# Eye candy No1



## Xzavier247 (Aug 9, 2014)

Eye candy indeed. Awesome photos


----------



## goodbytes (Aug 18, 2014)

Love it. Makes me think of Easter Island for some reason.


----------



## Powerclown (Aug 17, 2014)

Pretty close with the easter islands,I got the inspiration from mountain formations based on the Fiji islands.


----------



## D.Rodgers (Sep 13, 2014)

Awesome job!


----------



## ooosparkeyooo (Sep 20, 2014)

Ive always loved these basic contrasting tanks!

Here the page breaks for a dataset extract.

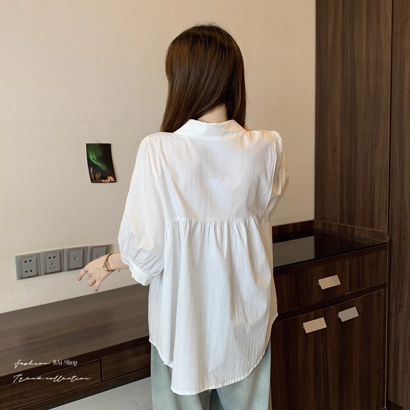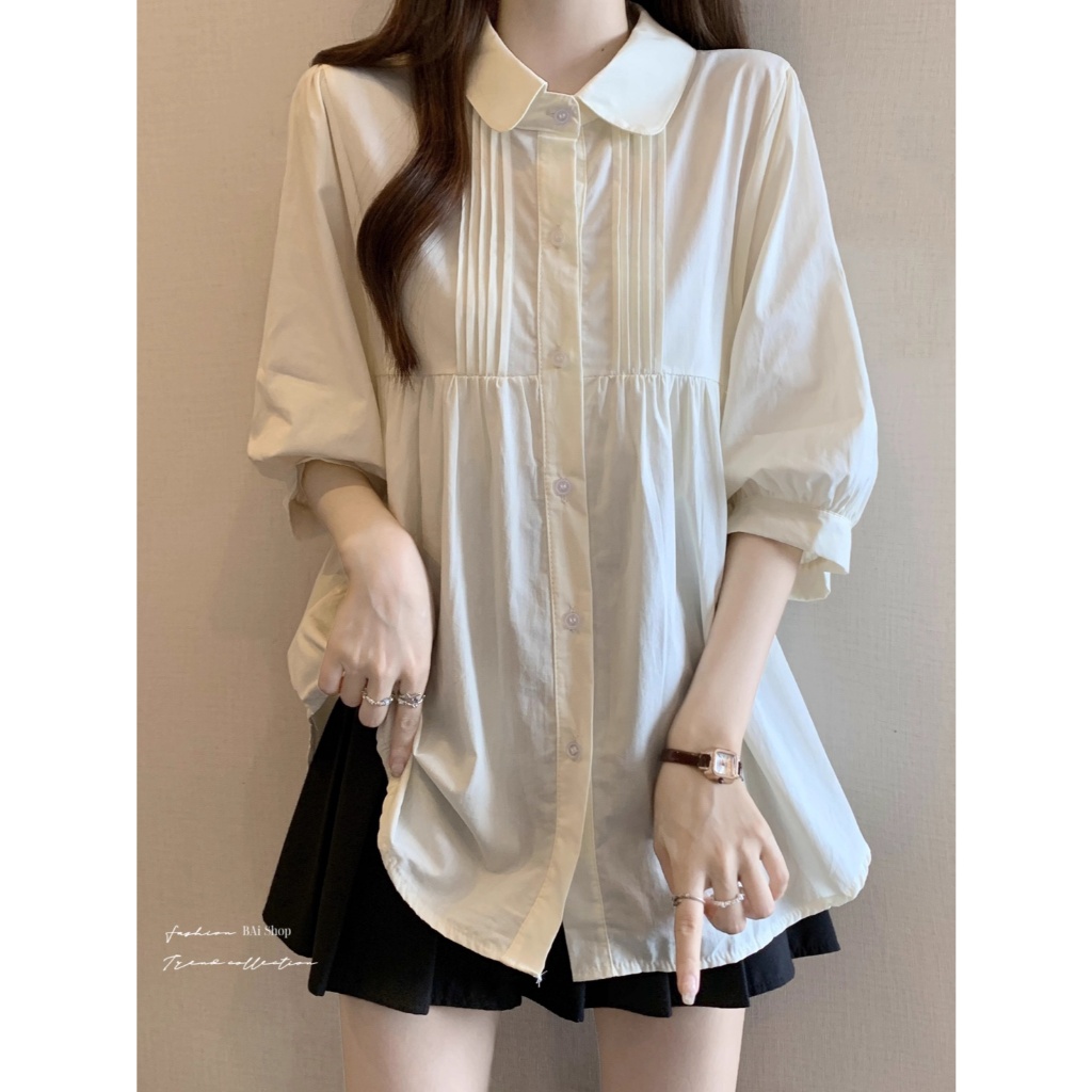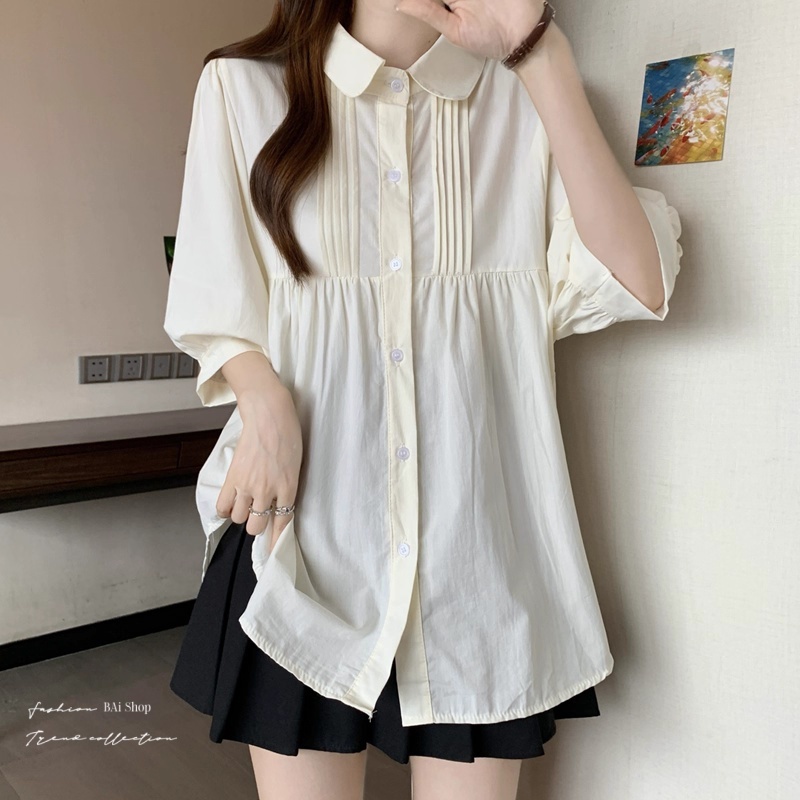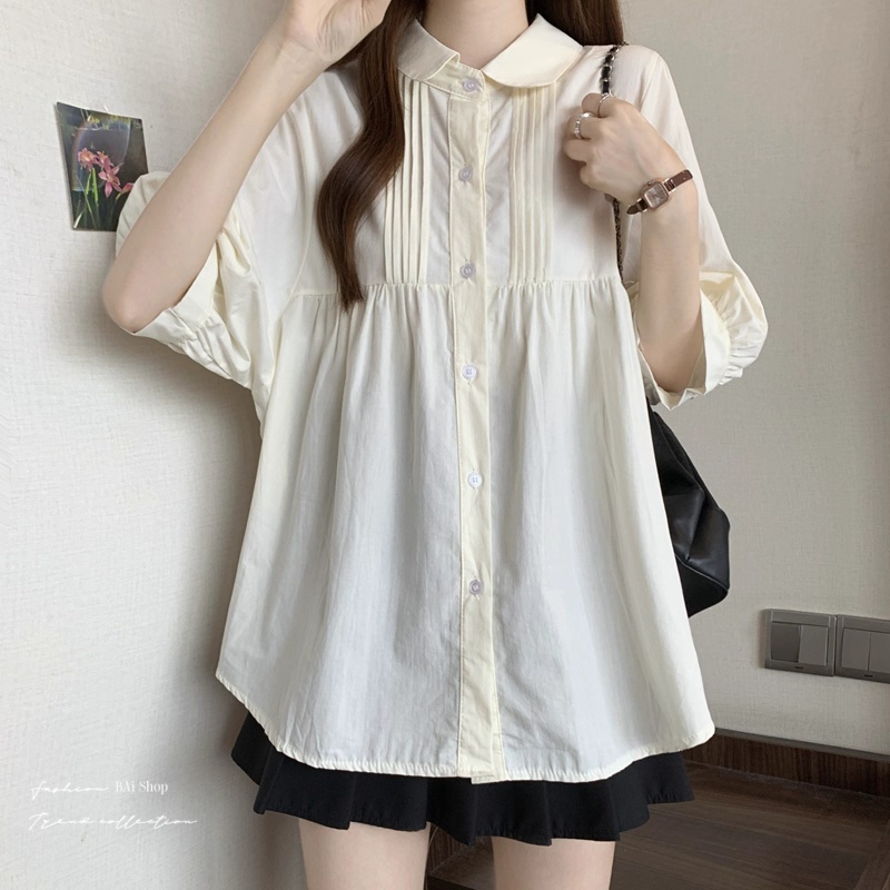 BAi白媽媽 娃娃領襯衫/中長版遮肉短袖 寬鬆顯瘦款-台灣現貨 隔日到貨【350477】白_微透(01)|杏_微透(22)Shirts & BlousesBAi白媽媽 品牌旗艦店

They seem so tranquil and everlasting... I just can never have one, i like busy tanks lol!


----------



## Powerclown (Aug 17, 2014)

Less is more...


----------



## Option (Oct 2, 2010)

Love it. Great job!


----------



## knm<>< (Mar 18, 2010)

Very nice!


----------



## RWaters (Nov 12, 2003)

Powerclown said:


> Less is more...


Don't let your payroll department hear you talk like that! :hihi:


----------



## Powerclown (Aug 17, 2014)

RWaters said:


> Don't let your payroll department hear you talk like that! :hihi:


Absolute not,no way:icon_smil


----------



## GMYukonon24s (May 3, 2009)

Nice eye candy shots! What kind of rocks are those?


----------



## Powerclown (Aug 17, 2014)

GMYukonon24s said:


> Nice eye candy shots! What kind of rocks are those?


Seiryu stones...


----------